- [Task prompt]:
Look below for the line containing "The sun is shining" and the line containing "Стандартный 2-местный Количество", then set down both and every line between them exactly, without pictures.

- [Records]:
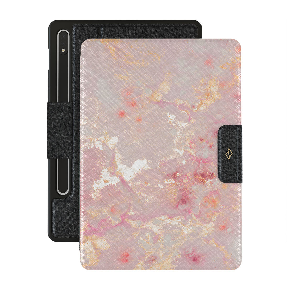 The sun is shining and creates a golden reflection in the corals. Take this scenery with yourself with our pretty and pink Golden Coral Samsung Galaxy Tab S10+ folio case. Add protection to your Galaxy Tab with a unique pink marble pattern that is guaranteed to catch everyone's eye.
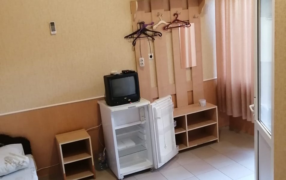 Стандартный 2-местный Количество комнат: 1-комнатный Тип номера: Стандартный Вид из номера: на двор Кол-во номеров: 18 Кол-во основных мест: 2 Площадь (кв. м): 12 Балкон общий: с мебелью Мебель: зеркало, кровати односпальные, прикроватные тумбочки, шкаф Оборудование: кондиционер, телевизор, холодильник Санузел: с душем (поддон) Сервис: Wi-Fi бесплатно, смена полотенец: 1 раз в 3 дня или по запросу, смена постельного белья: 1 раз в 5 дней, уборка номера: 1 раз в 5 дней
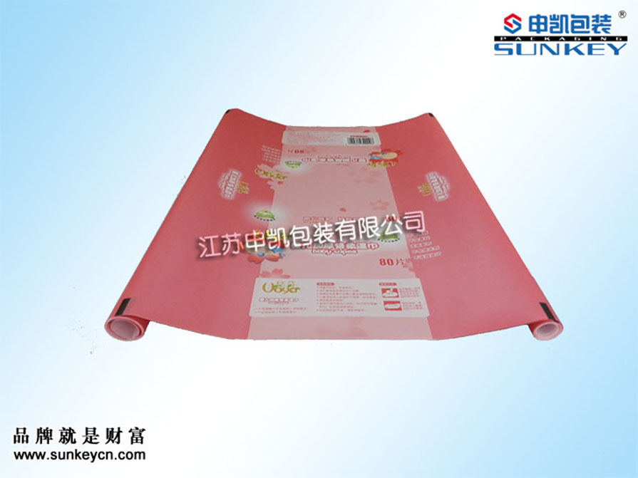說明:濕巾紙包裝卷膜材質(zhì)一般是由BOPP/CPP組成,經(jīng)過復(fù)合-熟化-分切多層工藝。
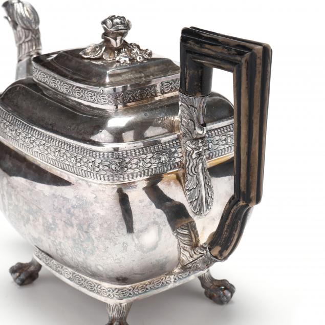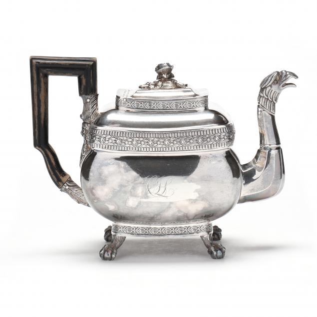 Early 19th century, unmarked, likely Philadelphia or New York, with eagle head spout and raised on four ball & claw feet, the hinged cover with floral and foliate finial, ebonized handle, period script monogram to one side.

==

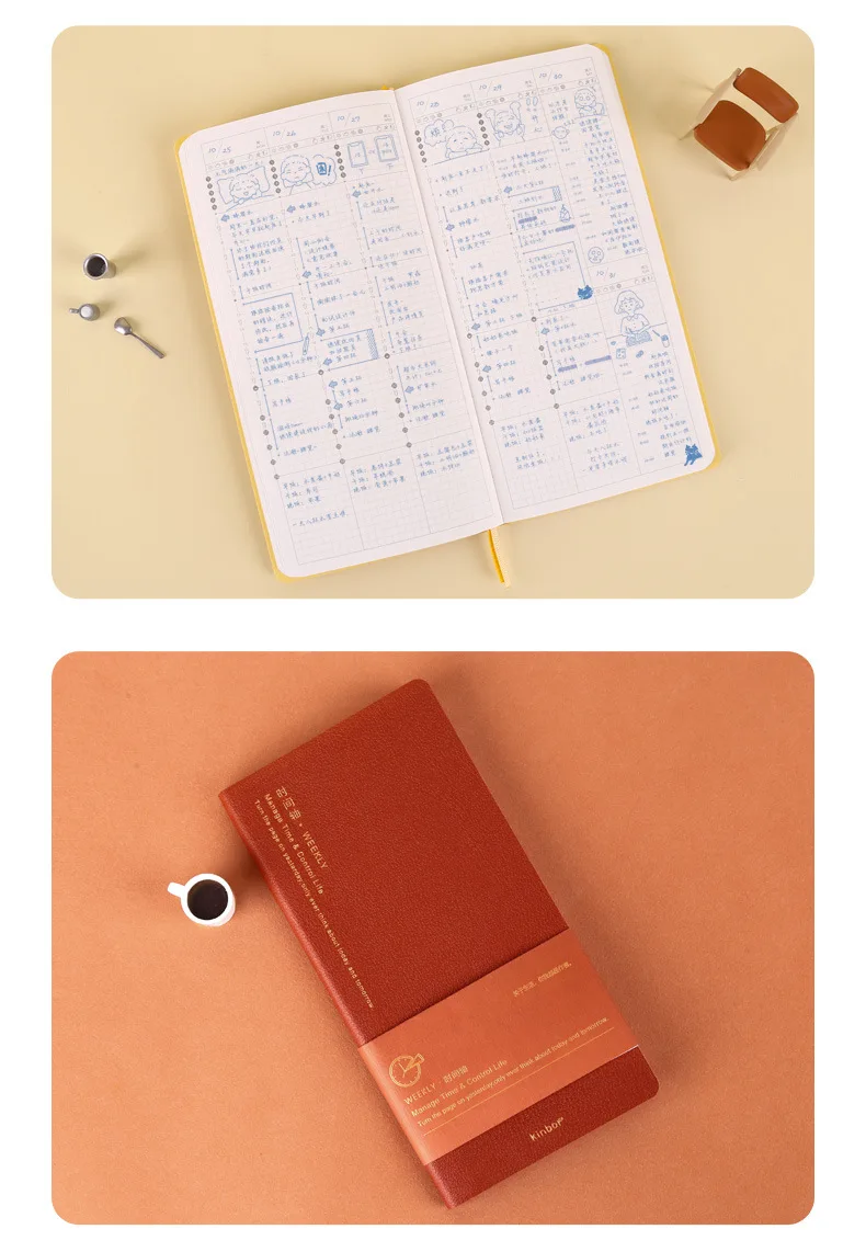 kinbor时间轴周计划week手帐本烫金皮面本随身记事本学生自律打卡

- [Output of the task]:
 The sun is shining and creates a golden reflection in the corals. Take this scenery with yourself with our pretty and pink Golden Coral Samsung Galaxy Tab S10+ folio case. Add protection to your Galaxy Tab with a unique pink marble pattern that is guaranteed to catch everyone's eye.
 Стандартный 2-местный Количество комнат: 1-комнатный Тип номера: Стандартный Вид из номера: на двор Кол-во номеров: 18 Кол-во основных мест: 2 Площадь (кв. м): 12 Балкон общий: с мебелью Мебель: зеркало, кровати односпальные, прикроватные тумбочки, шкаф Оборудование: кондиционер, телевизор, холодильник Санузел: с душем (поддон) Сервис: Wi-Fi бесплатно, смена полотенец: 1 раз в 3 дня или по запросу, смена постельного белья: 1 раз в 5 дней, уборка номера: 1 раз в 5 дней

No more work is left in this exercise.